New York’s new law makes it illegal to advertise renting out an entire apartment for less than 30 days.52 While it was already illegal under the state’s Multiple Dwelling Law for an individual to rent out his home for less than 30 days when they are themselves not physically present,53 the new law makes the situation worse by making it easier for the government to find and slap nonconforming hosts with a $7,500 fine—and opens Airbnb itself up to equal liability.54 In October 2016, Airbnb filed a federal lawsuit challenging the law as a violation of the company’s and hosts’ First Amendment rights and as preempted by the Communications Decency Act, only to drop the case several weeks later after the city promised not to prosecute Airbnb and only target its users.55 This situation, unfortunate as it is, perfectly illustrates the problem of regulatory capture, and the danger of assuming businesses and regulators are always adversaries. Airbnb, for all its lofty rhetoric about protecting the rights of its users, ended its opposition to an overbearing law as soon as it was able to make a deal that protected its narrow interests, selling its own users out in the hopes of a cozy relationship with regulators. After all, the only thing better than no regulations are stringent regulations that don’t apply to you.

New York’s law is merely the best-publicized battle over hotel-backed anti-apartment-sharing regulations. The Santa Monica City Council passed a similar ban in 2015.56 The first host prosecuted under the ban entered into a plea deal in July 2016, agreeing to a $3,500 fine and two years’ probation.57 In October 2016, a Nashville judge struck down an ordinance that required potential hosts of short-term rentals to first apply for a permit from the city. 58

2.    The Affordable Housing Problem

Most of the backlash against Airbnb, particularly in densely populated cities like New York and San Francisco, has been justified on the ground that nefarious landlords use the service to rent apartments to tourists full-time. Activists and regulators claim that these “illegal hotels” co-opt the already limited supply of affordable housing, contributing to gentrification and forcing poor minorities out of their own communities.

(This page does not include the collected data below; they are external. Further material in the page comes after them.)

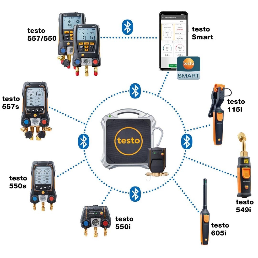 Бездротові ваги автоматично підключаються по Bluetooth до манометричного колектора та Застосунку, встановленого на вашому смартфоні або планшеті. Завдяки цьому ваги для заправки кондиціонера зручні та гнучкі у роботі, навіть у обмеженому просторі. Ваги для фреону підключаються автоматично по Bluetooth до манометричних колекторів testo 557s, testo 550s, testo 550i, testo 557, testo 550, які у свою чергу, обмінюються даними зі Смарт зондами: термометром температури труб testo 115i, манометром високого тиску testo 549i та термогігрометром testo 605i. Завдяки компактному та міцному корпусу, малій вазі та практичній ручці для перенесення, ваги є дуже зручними у щоденному використанні.
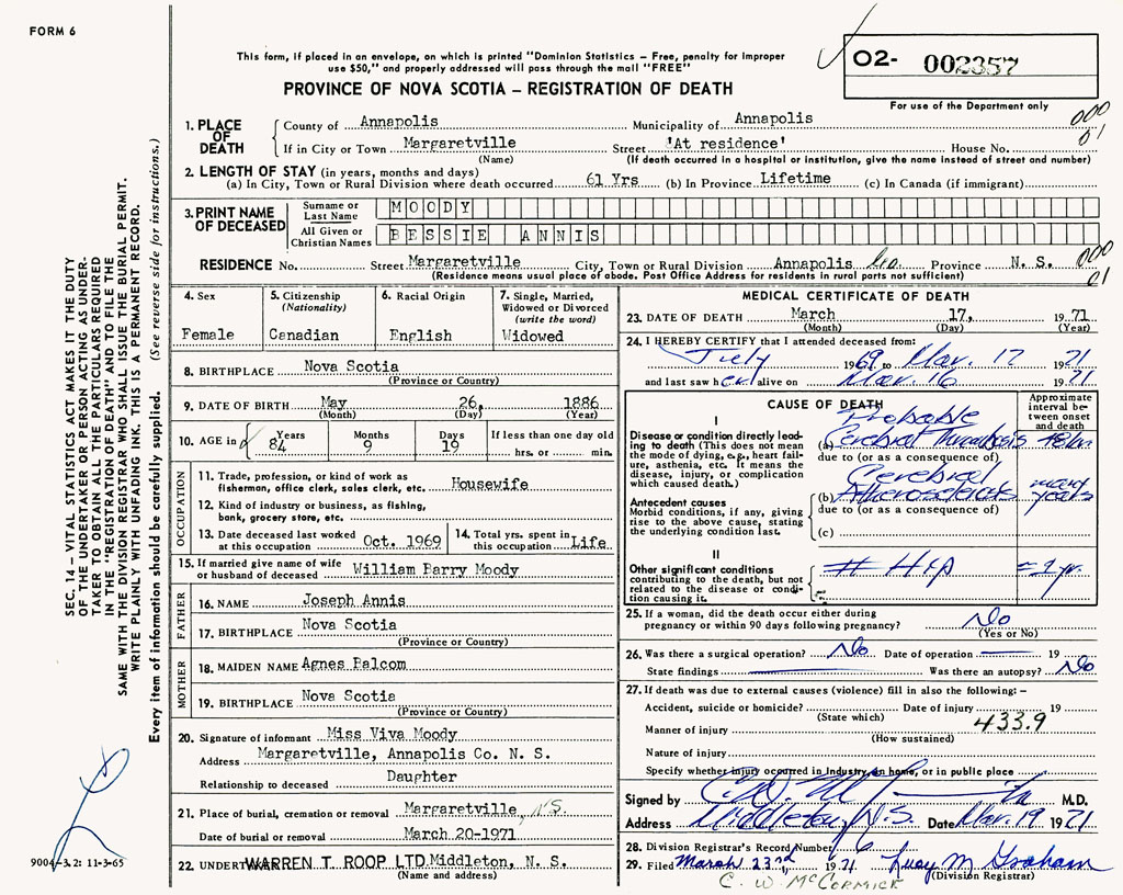 PROVINCE OF NOVA SCOTIA — REGISTRATION OF DEATH
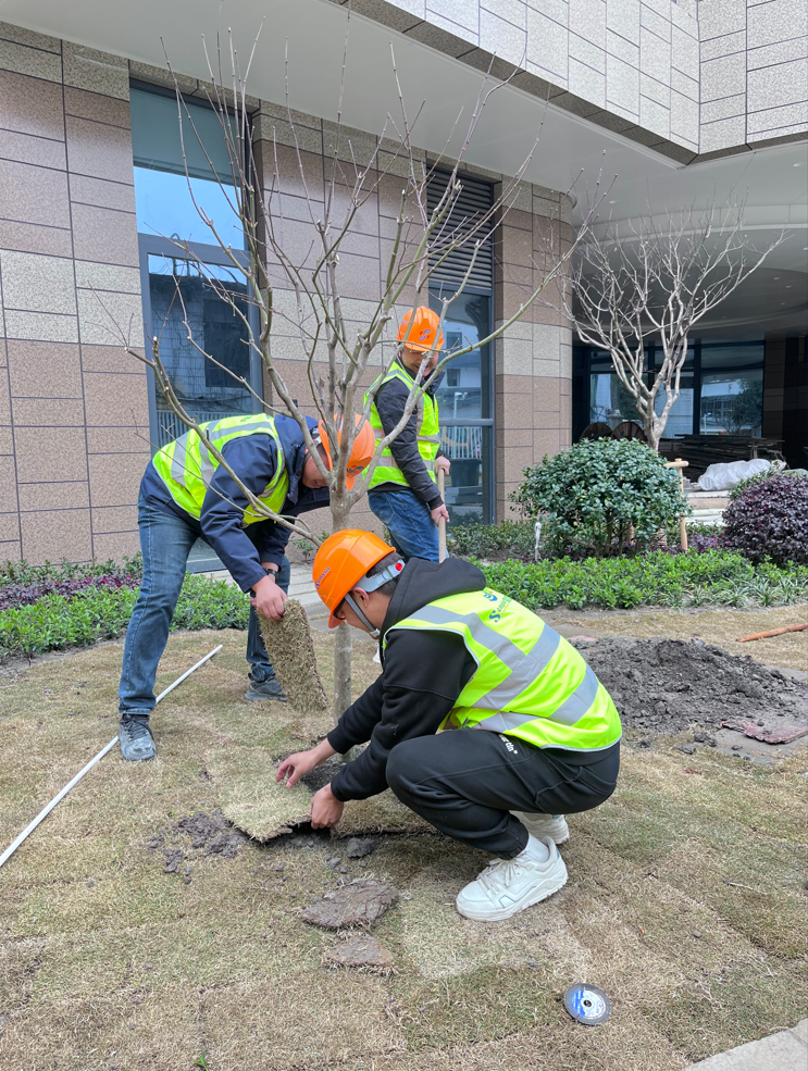 中福會幼兒園項目活動現(xiàn)場,大家熱情高漲、干勁十足,一片繁忙的景象。刨坑、移樹、扶樹、填土、澆水,各個環(huán)節(jié)銜接有序,一棵棵象征著生機和希望的樹苗被植入土中,在明媚的春光中展現(xiàn)出勃勃生機。
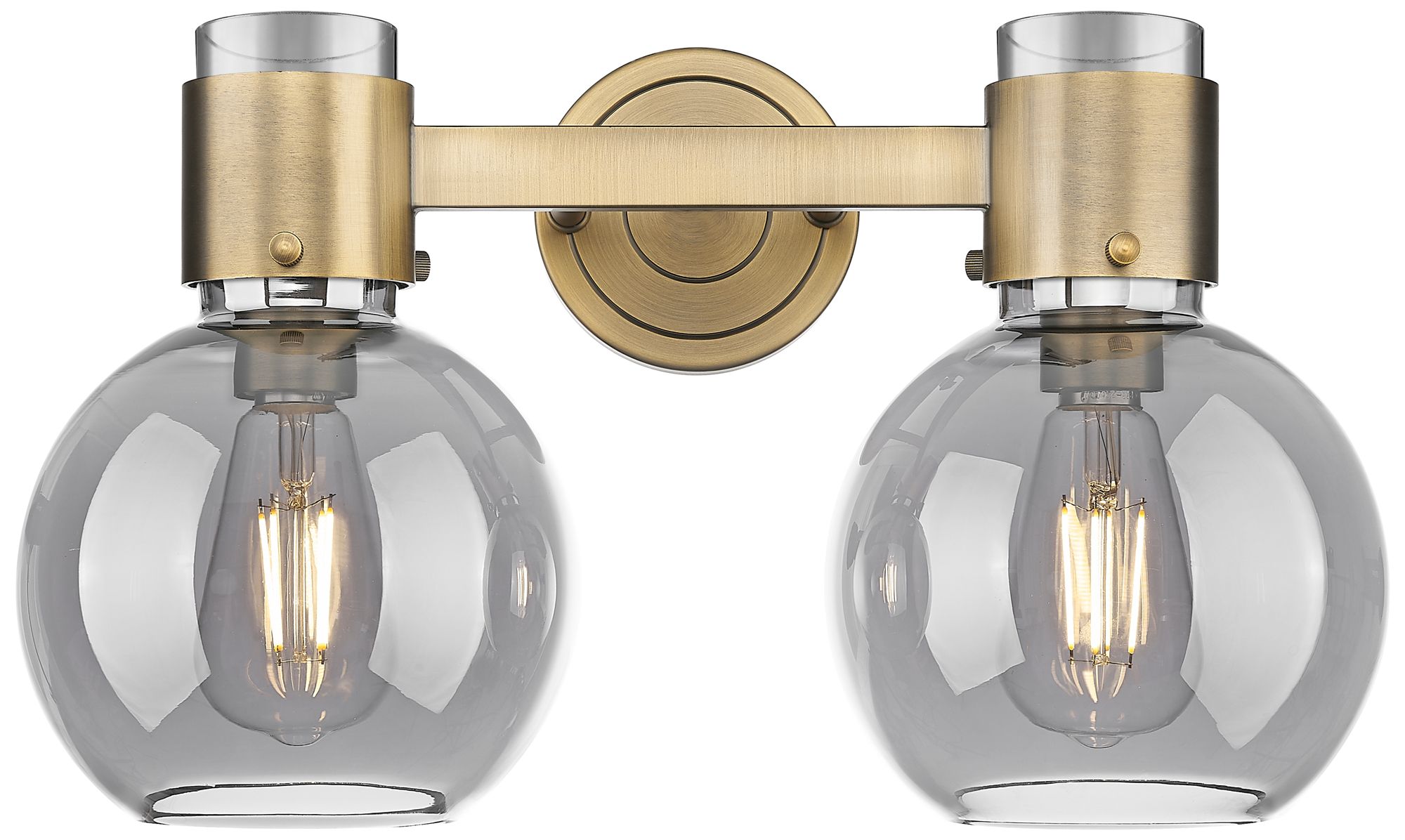Downtown Lawton Sphere 16"W Brass Vanity Light w/ Light Smoke Shade
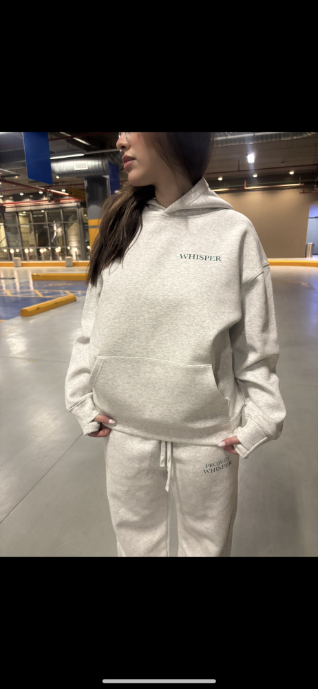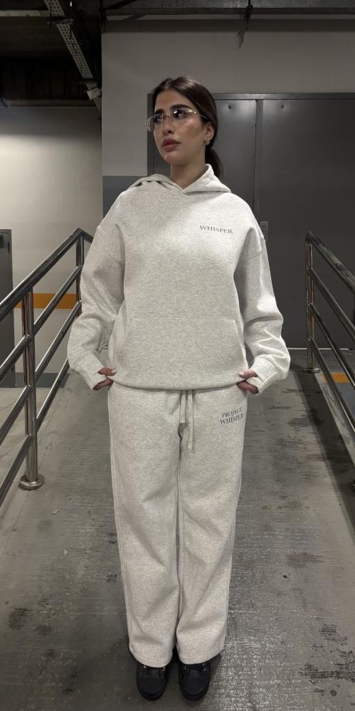 طقم كامل أوفر سايز مكوّن من هودي وبنطلون بلون رمادي فاتح أنيق.
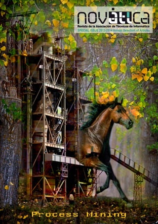 Novática is the oldest Spanish periodical focused on information and communication technology, published by the Association of Computer Technicians (ATI) since 1975. The document highlights its goals for internationalization, member services, communication, sustainability, professionalism, and networking following recent organizational changes. It also emphasizes the importance of process mining as a transformative approach for managing digital information overload in business.

This is a compelling narrative—except that it simply isn’t backed up by the facts on the ground. There is no indication that wealthy speculators are buying up normal apartments to skirt regulations on hotels. According to data obtained by the New York Times, seventy-five percent of revenue earned by active hosts in New York City who share their entire home came from people who have only one or two rental listings on the platform.”59 Considering that a significant portion of Airbnb rentals are for single bedrooms in host-occupied homes, even that number may be misleadingly low. The vast majority of Airbnb hosts are renting out either their own home or a single investment property (presumably an otherwise vacant vacation home)—a far cry from the robber barons playing Monopoly with other people’s homes that people like New York Mayor Bill De Blasio appear to be concerned about.60

What one sees after looking at the data Airbnb has released about its users is that the average host is an ordinary person of no great means who occasionally rents out their home in order to make ends meet in a high-rent area. According to Airbnb’s New York City Economic Impact Report, seventy-eight percent of New York hosts earn “low, moderate, or middle incomes” and seventy-two percent “use the money they earn sharing their space to stay in their homes.”61 The median income earned from being a host was only $5,110—a substantial sum for an empty nester renting out an extra room, but hardly the amount one would expect for the owner of an illicit hotel in the country’s most expensive city.62

Opponents of online apartment-sharing like to blame the business model for the housing shortages currently plaguing cities like New York and San Francisco.63 But New York’s housing shortage was a problem long before Airbnb came on the scene in 2008. City and state officials recognized the lack of available housing as an issue as early as 1936.64 Indeed, high rents and limited housing have been features of life in Gotham for generations and can hardly be placed, solely or substantially, at the feet of new players like Airbnb.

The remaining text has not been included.